*PROBLEM:*
Reproduce every entry exactly as written.

*AVAILABLE RECORDS:*
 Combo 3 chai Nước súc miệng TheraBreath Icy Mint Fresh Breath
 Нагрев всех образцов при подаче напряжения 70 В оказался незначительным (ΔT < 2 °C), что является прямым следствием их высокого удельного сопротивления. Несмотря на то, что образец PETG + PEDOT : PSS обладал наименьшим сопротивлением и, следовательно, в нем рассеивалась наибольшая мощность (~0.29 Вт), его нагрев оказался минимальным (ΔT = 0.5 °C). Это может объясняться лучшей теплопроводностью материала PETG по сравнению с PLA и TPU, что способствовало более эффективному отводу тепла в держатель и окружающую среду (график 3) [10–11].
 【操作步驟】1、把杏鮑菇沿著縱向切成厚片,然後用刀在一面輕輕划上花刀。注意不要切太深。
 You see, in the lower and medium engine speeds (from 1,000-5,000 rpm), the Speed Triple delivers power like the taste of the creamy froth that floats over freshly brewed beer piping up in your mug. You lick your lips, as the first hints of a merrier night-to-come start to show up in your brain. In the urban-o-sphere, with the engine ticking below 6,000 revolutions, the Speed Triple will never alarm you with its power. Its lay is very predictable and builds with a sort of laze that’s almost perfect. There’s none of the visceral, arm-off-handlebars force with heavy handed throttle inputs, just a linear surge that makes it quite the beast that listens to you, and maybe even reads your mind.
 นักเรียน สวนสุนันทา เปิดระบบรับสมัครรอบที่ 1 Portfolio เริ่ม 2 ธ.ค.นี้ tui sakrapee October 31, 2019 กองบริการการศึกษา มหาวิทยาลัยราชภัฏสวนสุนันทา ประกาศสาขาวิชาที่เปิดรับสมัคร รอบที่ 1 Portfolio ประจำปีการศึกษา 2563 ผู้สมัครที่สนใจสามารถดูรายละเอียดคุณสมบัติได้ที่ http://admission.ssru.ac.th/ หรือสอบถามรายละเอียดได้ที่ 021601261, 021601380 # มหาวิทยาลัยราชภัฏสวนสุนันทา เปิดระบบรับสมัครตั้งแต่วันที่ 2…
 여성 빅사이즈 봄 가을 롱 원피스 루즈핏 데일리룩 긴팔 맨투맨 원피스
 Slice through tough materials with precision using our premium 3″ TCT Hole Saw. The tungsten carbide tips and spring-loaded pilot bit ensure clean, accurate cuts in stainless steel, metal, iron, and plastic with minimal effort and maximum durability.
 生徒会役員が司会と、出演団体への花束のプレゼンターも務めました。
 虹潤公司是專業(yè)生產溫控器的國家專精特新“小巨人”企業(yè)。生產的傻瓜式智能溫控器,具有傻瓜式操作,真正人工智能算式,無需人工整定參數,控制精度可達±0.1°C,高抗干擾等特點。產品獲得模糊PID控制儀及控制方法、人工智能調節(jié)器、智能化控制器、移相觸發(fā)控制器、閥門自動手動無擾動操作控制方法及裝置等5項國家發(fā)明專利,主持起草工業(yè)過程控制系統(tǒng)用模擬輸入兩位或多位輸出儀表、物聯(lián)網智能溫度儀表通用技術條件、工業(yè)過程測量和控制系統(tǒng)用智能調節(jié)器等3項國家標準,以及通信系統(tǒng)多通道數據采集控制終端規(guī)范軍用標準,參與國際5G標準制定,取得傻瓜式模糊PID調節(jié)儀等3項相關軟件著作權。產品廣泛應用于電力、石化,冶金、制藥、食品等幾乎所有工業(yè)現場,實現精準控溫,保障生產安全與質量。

*SOLUTION TO THE PROBLEM:*
 Combo 3 chai Nước súc miệng TheraBreath Icy Mint Fresh Breath
 Нагрев всех образцов при подаче напряжения 70 В оказался незначительным (ΔT < 2 °C), что является прямым следствием их высокого удельного сопротивления. Несмотря на то, что образец PETG + PEDOT : PSS обладал наименьшим сопротивлением и, следовательно, в нем рассеивалась наибольшая мощность (~0.29 Вт), его нагрев оказался минимальным (ΔT = 0.5 °C). Это может объясняться лучшей теплопроводностью материала PETG по сравнению с PLA и TPU, что способствовало более эффективному отводу тепла в держатель и окружающую среду (график 3) [10–11].
 【操作步驟】1、把杏鮑菇沿著縱向切成厚片,然後用刀在一面輕輕划上花刀。注意不要切太深。
 You see, in the lower and medium engine speeds (from 1,000-5,000 rpm), the Speed Triple delivers power like the taste of the creamy froth that floats over freshly brewed beer piping up in your mug. You lick your lips, as the first hints of a merrier night-to-come start to show up in your brain. In the urban-o-sphere, with the engine ticking below 6,000 revolutions, the Speed Triple will never alarm you with its power. Its lay is very predictable and builds with a sort of laze that’s almost perfect. There’s none of the visceral, arm-off-handlebars force with heavy handed throttle inputs, just a linear surge that makes it quite the beast that listens to you, and maybe even reads your mind.
 นักเรียน สวนสุนันทา เปิดระบบรับสมัครรอบที่ 1 Portfolio เริ่ม 2 ธ.ค.นี้ tui sakrapee October 31, 2019 กองบริการการศึกษา มหาวิทยาลัยราชภัฏสวนสุนันทา ประกาศสาขาวิชาที่เปิดรับสมัคร รอบที่ 1 Portfolio ประจำปีการศึกษา 2563 ผู้สมัครที่สนใจสามารถดูรายละเอียดคุณสมบัติได้ที่ http://admission.ssru.ac.th/ หรือสอบถามรายละเอียดได้ที่ 021601261, 021601380 # มหาวิทยาลัยราชภัฏสวนสุนันทา เปิดระบบรับสมัครตั้งแต่วันที่ 2…
 여성 빅사이즈 봄 가을 롱 원피스 루즈핏 데일리룩 긴팔 맨투맨 원피스
 Slice through tough materials with precision using our premium 3″ TCT Hole Saw. The tungsten carbide tips and spring-loaded pilot bit ensure clean, accurate cuts in stainless steel, metal, iron, and plastic with minimal effort and maximum durability.
 生徒会役員が司会と、出演団体への花束のプレゼンターも務めました。
 虹潤公司是專業(yè)生產溫控器的國家專精特新“小巨人”企業(yè)。生產的傻瓜式智能溫控器,具有傻瓜式操作,真正人工智能算式,無需人工整定參數,控制精度可達±0.1°C,高抗干擾等特點。產品獲得模糊PID控制儀及控制方法、人工智能調節(jié)器、智能化控制器、移相觸發(fā)控制器、閥門自動手動無擾動操作控制方法及裝置等5項國家發(fā)明專利,主持起草工業(yè)過程控制系統(tǒng)用模擬輸入兩位或多位輸出儀表、物聯(lián)網智能溫度儀表通用技術條件、工業(yè)過程測量和控制系統(tǒng)用智能調節(jié)器等3項國家標準,以及通信系統(tǒng)多通道數據采集控制終端規(guī)范軍用標準,參與國際5G標準制定,取得傻瓜式模糊PID調節(jié)儀等3項相關軟件著作權。產品廣泛應用于電力、石化,冶金、制藥、食品等幾乎所有工業(yè)現場,實現精準控溫,保障生產安全與質量。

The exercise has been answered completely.